Beta-blockers: These drugs cause the heart to beat more slowly with less energy. This decreases blood pressure by reducing the amount of blood being pumped via the arteries with every beat. It also prevents the body from producing some hormones that can increase blood pressure.

Angiotensin-converting enzyme (ACE) inhibitors: These drugs prevent the body from releasing angiotensin. This is a chemical that makes the blood vessels and artery walls narrow and tighten. ACE inhibitors, therefore, relax the blood vessels and lowers blood pressure. 

Diuretics: Increased levels of sodium and too much fluid in the body can cause blood pressure to rise. Also known as water tablets, diuretics aid in the removal of excess sodium from the body by the kidneys. Additional fluid in the bloodstream travels into the urine as the sodium leaves; this helps reduce the blood pressure. 

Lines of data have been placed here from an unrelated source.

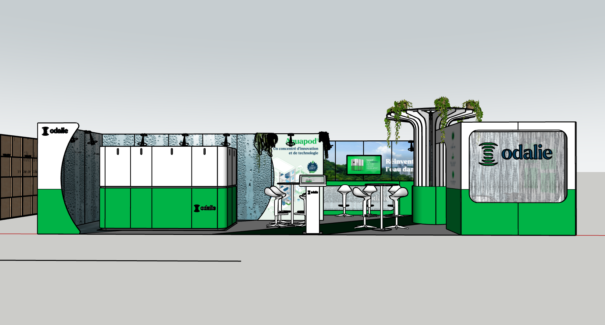 art deco interior shot ultra photorealistic high end rendering of a contemporary exhibition stand located inside a large professional trade show exhibition hall architecture
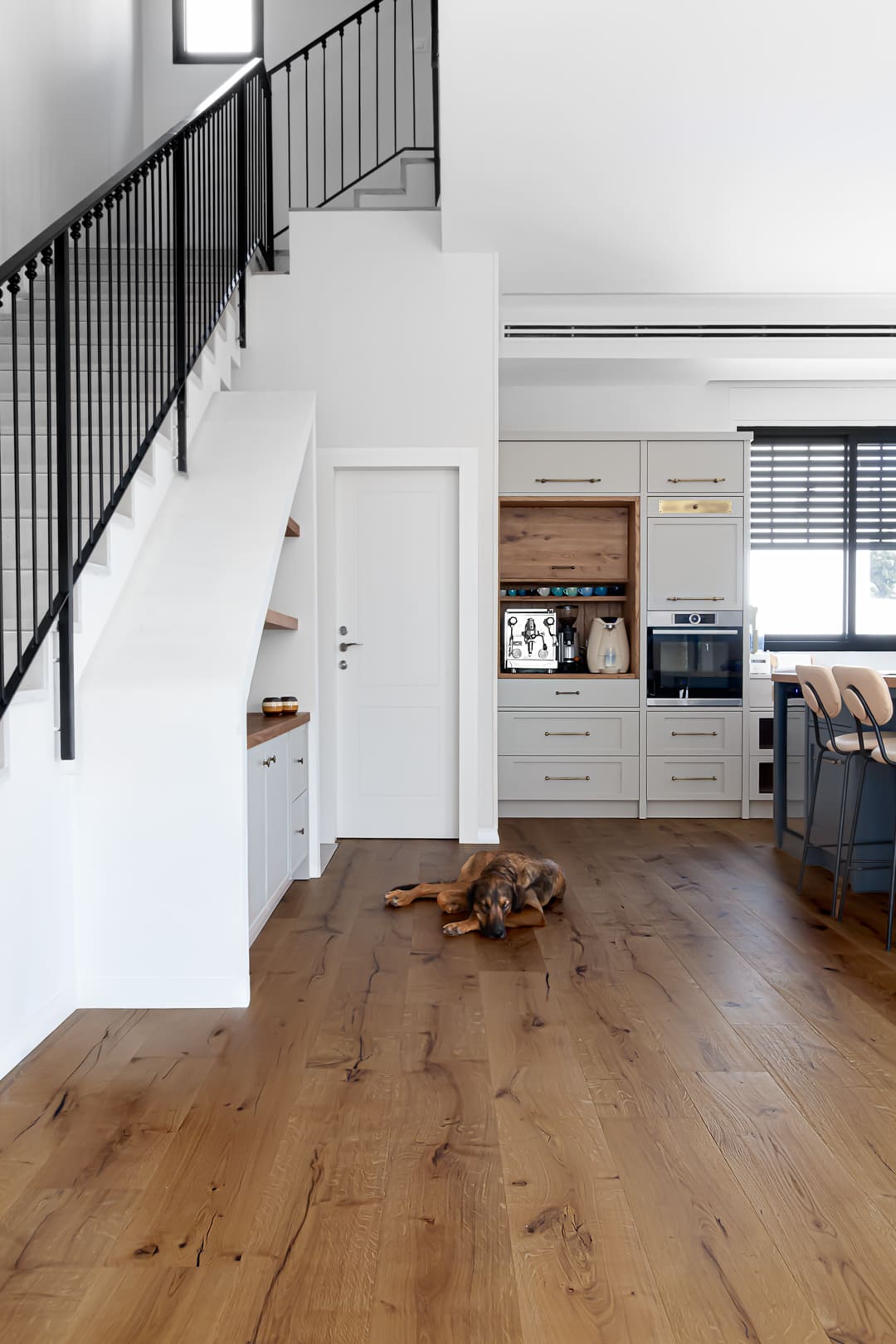 הפרקט הנבחר: פרקט עץ אלון טבעי, סןפר כפרי.רוחב 22 ס"מ, גימור לכה.
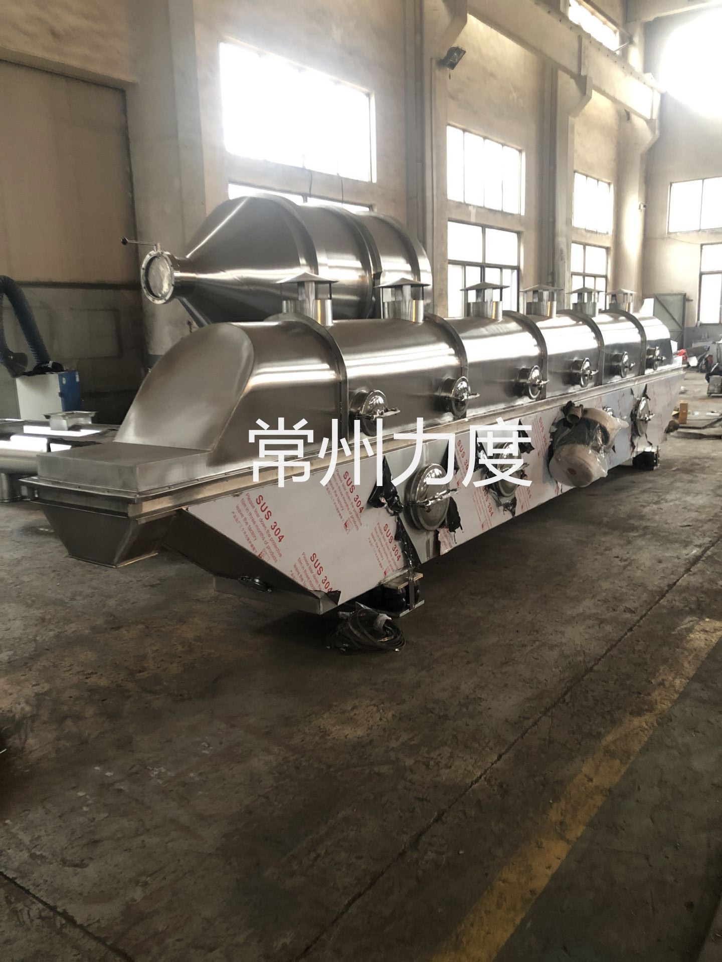 振動流化床干燥機是一種強化的有特殊用途的干燥裝置,它通過供物料^終干燥之用。由于在干燥過程中由機械振動幫助流態化,不僅有利于邊界層湍流,強化傳熱傳質,而且確保了干燥設備在相當穩定流體力學條件下工作。這種設備除具有很好干燥功能之外,還能根據工藝需要附加地完成物料造粒、冷卻、篩分和輸送等工序。
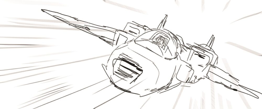 The film’s visuals depict a push-button world of inefficiency — and what MacLane describes as “a celebration of early 1970s and 1980s vision of the future.” The design team experimented with a variety of shapes and textures to explore the design possibility of a neo-retro future. “These early exploration sketches inspired us to settle on a clear design ethos: a rugged military aerospace design, combined with the 1980s consumer electronics aesthetic,” says the director. “This design language informed everything in the film, from the-the ground vehicles to the spaceships, you know, to all the sets. They all got the same treatment.”
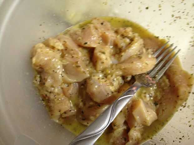 Coloque el pollo, ternera o mezcla de ambos en el recipiente grande con la marinada.  Revuelva la carne hasta que la carne marinada que la cubre.  Luego coloque el recipiente en el refrigerador para adobo.  Se recomienda que la carne es marinada durante 30 minutos, pero puede ser marinada ya.
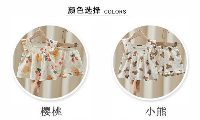 잠옷 슬링 어린 소녀 여름 얇은 소녀 달콤한 체리 베어 외국식 어린이 세트 홈 세트스토어 가기

Other significant medications for hypertension include; 

  • Angiotensin II receptor blockers (ARBs)
  • Calcium channel blockers 
  • Alpha-2 agonists 



The force that blood puts on the arteries' walls as it passes through them is measured when the doctor is taking your blood pressure. Blood vessels may be severely damaged if blood pressure remains high for an extended period.

At times, hypertension does not cause any associated symptoms; hence it becomes difficult to detect. However, routine screening enables you to know if you require more preventive action and treatment.